Abstract
Treatment of cancer started long before the emergence of modern pharmaceuticals, and over the decades, mankind has tried just about everything to battle this disease. Besides surgery, only a handful of treatments have stood the test of time: ionizing radiation, discovered by Wilhelm Röntgen, and chemotherapy treatments, discovered serendipitously in the release of mustard gas following the bombing of an American cargo ship in Bari (Italy) during the Second World War. Antimetabolites and natural products were also found to have potent anti-cancer effects and much later it was discovered that all the anti-cancer drugs share the same target: DNA. Hence, there is overwhelming evidence that causing DNA damage is an effective way of treating cancer.
DNA was for a long time thought to be highly stable, a prevailing view until Tomas Lindahl discovered the spontaneous decay of DNA (Lindahl and Andersson 1972; Lindahl and Nyberg 1974). As DNA is indispensable for life, Dr. Lindahl hypothesized that there must be a way to repair the DNA and subsequently he identified the first DNA repair protein, a uracil DNA glycosylase (Lindahl 1974). For this discovery he got the 2015 Nobel Prize in Chemistry, which he shared with Drs.

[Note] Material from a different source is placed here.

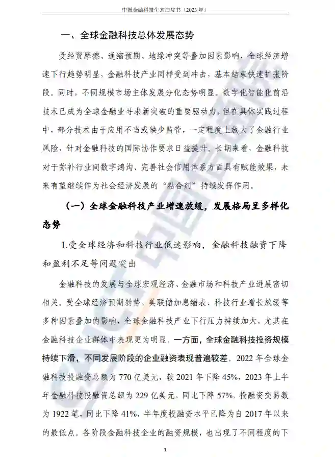 - 受全球经济和金融市场不稳定的影响,金融科技投融资规模持续下行。不同区域发展速度明显分化,非洲、南美等新兴市场表现出较大增长潜力。金融科技市场主体不断加快对前沿技术的探索,寻求新的场景突破,同时也高度重视新技术给金融市场带来的风险。金融业数字化发展以及数据要素价值释放,对于多个国家和地区建设信用体系与弥补数字鸿沟发挥着重要作用。为应对数字金融发展带来的新挑战,各国政府、国际组织、大型企业加快探索并积极推进金融科技跨境协作规则和互操作性平台建设。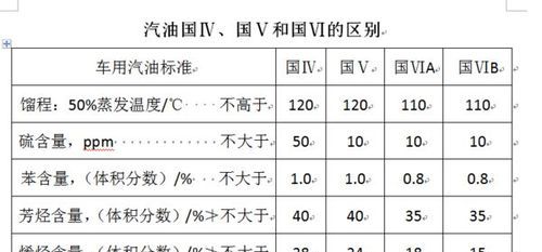 国五标准中汽油车的一氧化碳排放量是1000毫克/公里,国六标准是700毫克/公里。中国国民汽油对烯烃组分进行了更严格的处理,降低了油品中该组分的含量。还有就是芳烃的降低,汽油颗粒物的排放限值也降低了。

Paul Modrich and Aziz Sancar for their discoveries of other DNA repair pathways. Over the years, hundreds of DNA repair proteins have been identified and their individual role has been studied in great biochemical detail (Hoeijmakers 2001).
Although DNA damaging agents dramatically improved cancer survival rates and prolonged life, it was evident early on that cancers relapsed and developed resistance. For clinicians it was clear that the cancer cells somehow escaped the treatments and a likely mechanism was by improving their ability to repair DNA. Hence, a way to decrease the DNA repair capacity of cancer cells has been on the agenda for a long time to improve cancer treatment, in particular in the radiation oncology field. The big issue has always been how to selectively sensitize the cancer cells and not the non-transformed cells?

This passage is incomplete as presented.